I spent the next few months in the hospital with the exception of a handful of days. I was told by doctors that the antifungal medication I had to take would be harder on my body than chemotherapy.

It turns out I was allergic to the antifungal medication. I thought I was going to die because I knew I had to receive this antifungal medicine no matter what.

It was not all dark and gloomy in the hospital, though. I developed personal relationships with the nurses, bringing me some joy during this dark time. One day, we had a Nerf gun fight when one of them moved to a different hospital.

After a year of treatment, I was considered healthy enough to do my treatment outpatient and go back to college.

I was told it would be a smart decision to take a small credit load and stay close to home. So instead of returning to UWO, I went to a small community college in Baraboo, WI.

I took a full load of 16 credits, the exact opposite of what my doctors suggested. This was only a month after having to use a walker for the past year.

After two semesters at the community college, I decided it was time to go back to Oshkosh. I still had a dream of being a sports broadcaster and I knew UWO was my best opportunity to do so.

When I came back to UWO, I was still receiving chemotherapy orally every day and was going back to Madison once a month for three rounds of chemotherapy and a spinal tap. My hip was deteriorating from the side effects of steroids, chemotherapy and other drugs.

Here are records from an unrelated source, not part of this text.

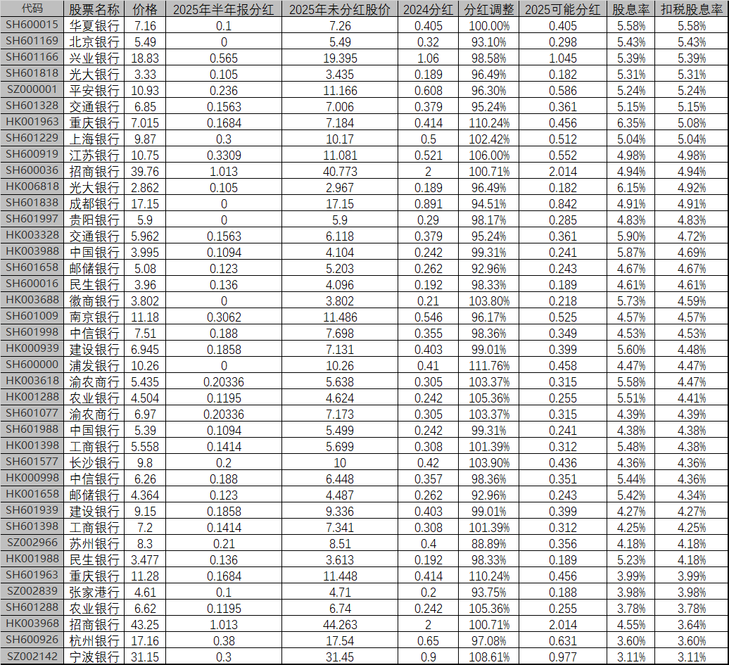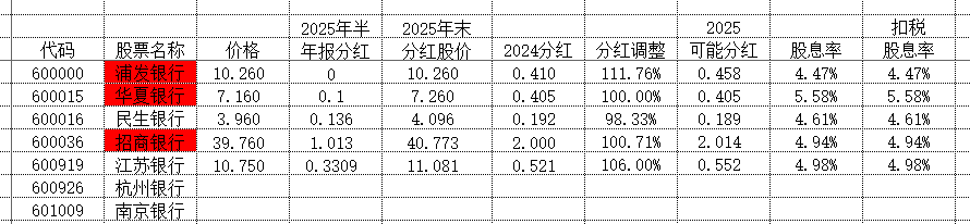 有些行2024年报有快报,2025年却迟迟没有来快报,下表是我纳入研究同时已经出了快报的银行股:
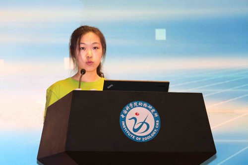 2015級碩士王冉同學代表新生發言。她首先向各位老師表達了教師節的祝賀,並同在場新生一起回顧了經過艱苦奮鬥、終於實現夢想走進動物所的心路曆程。她動情地將導師比喻成科研道路上的指明燈,將研究所比喻成承載學生跨越茫茫大海的渡輪。她提出,研究生的學習更加需要自主性和專業性,號召大家以最大的努力去追尋夢想,在以後更為激烈的競爭中乘風破浪,打造更加輝煌燦爛的明天!
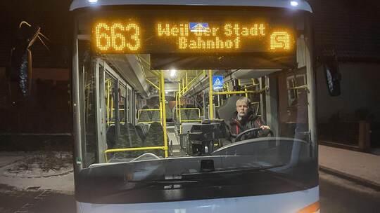 Neuhausen, 5 Uhr morgens. Das Dorf schläft noch. Der Verkehr auch an einem Freitag zwischen Feiertag und Wochenende. Auf den Straßen ist nur ein Räumfahrzeug unterwegs, sorgt dafür, dass der Schnee, der vom Himmel flockt, nicht auf dem Asphalt liegen bleibt. Das freut den Mann am Steuer des Setra-Busses der Linie 663. „Unser Bauhof ist echt auf Zack“, sagt Hartmut Lutz. Das ist auch gut so, denn sonst könnte aus der Jungfernfahrt, die der Neuhausener Gemeinderat unbedingt selbst lenken möchte, leicht eine Rutschpartie werden.
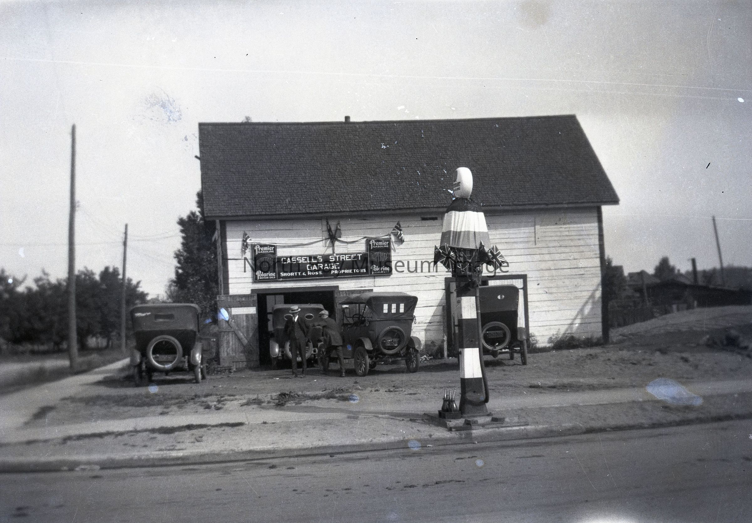 Image of Cassells Street garage. There are cars and people standing in front of garage. The garage is only a small little white building but was identified by sign in middle of photo. Part of the William Forder collection.Creator

Simply walking from my dorm room to the classroom, a short five- to 10-minute walk, gave me extraordinary pain. I had to give myself pep talks every morning just to walk to class, but I was willing to put myself through the pain to achieve my dreams.

I finished my chemotherapy treatment in March of 2018.

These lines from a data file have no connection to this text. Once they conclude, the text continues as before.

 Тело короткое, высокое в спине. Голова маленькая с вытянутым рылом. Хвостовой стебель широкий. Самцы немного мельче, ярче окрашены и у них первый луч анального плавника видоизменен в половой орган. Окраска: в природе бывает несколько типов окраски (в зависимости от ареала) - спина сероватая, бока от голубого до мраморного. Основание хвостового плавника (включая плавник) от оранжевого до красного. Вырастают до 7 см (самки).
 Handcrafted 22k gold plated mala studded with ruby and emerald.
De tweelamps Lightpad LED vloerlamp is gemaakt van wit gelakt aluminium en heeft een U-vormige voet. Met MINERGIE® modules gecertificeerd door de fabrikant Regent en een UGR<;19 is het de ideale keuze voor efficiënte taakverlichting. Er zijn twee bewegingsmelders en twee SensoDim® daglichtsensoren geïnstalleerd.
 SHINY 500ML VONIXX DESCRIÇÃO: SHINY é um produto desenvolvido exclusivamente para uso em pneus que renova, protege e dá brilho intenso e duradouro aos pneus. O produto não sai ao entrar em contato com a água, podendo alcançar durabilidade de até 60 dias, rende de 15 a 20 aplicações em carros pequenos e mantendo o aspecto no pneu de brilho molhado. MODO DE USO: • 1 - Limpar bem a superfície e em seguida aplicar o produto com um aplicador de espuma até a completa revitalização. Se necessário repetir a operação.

When UWO’s men’s basketball team made it to the Final Four, I was given the opportunity to call those games at the age of 22. Some broadcasters go their whole career without ever getting an opportunity to call a championship game.

The game happened to be on March 21, one year from the exact day I received my last chemotherapy treatment. I just sat in my chair and started crying.

I had gone through three and a half years of chemotherapy treatment and I was about to call a national championship game. I was healthy and strong — my dreams were coming true.

My coworkers did not know about my past. I tried to keep it a secret because I didn’t want to be viewed any differently, and I didn’t want any pity given to me.

The Titans would go on to win the Division III Championship game that day. March 21, 2019 will go down as a historic day for UWO, but to me, it will be remembered as the first day of my new life.

I am now the sports director for WRST radio at UWO, co-hosting “The Sports Page,” and I also run my own podcast, “StewsPicks.” I will be graduating this December.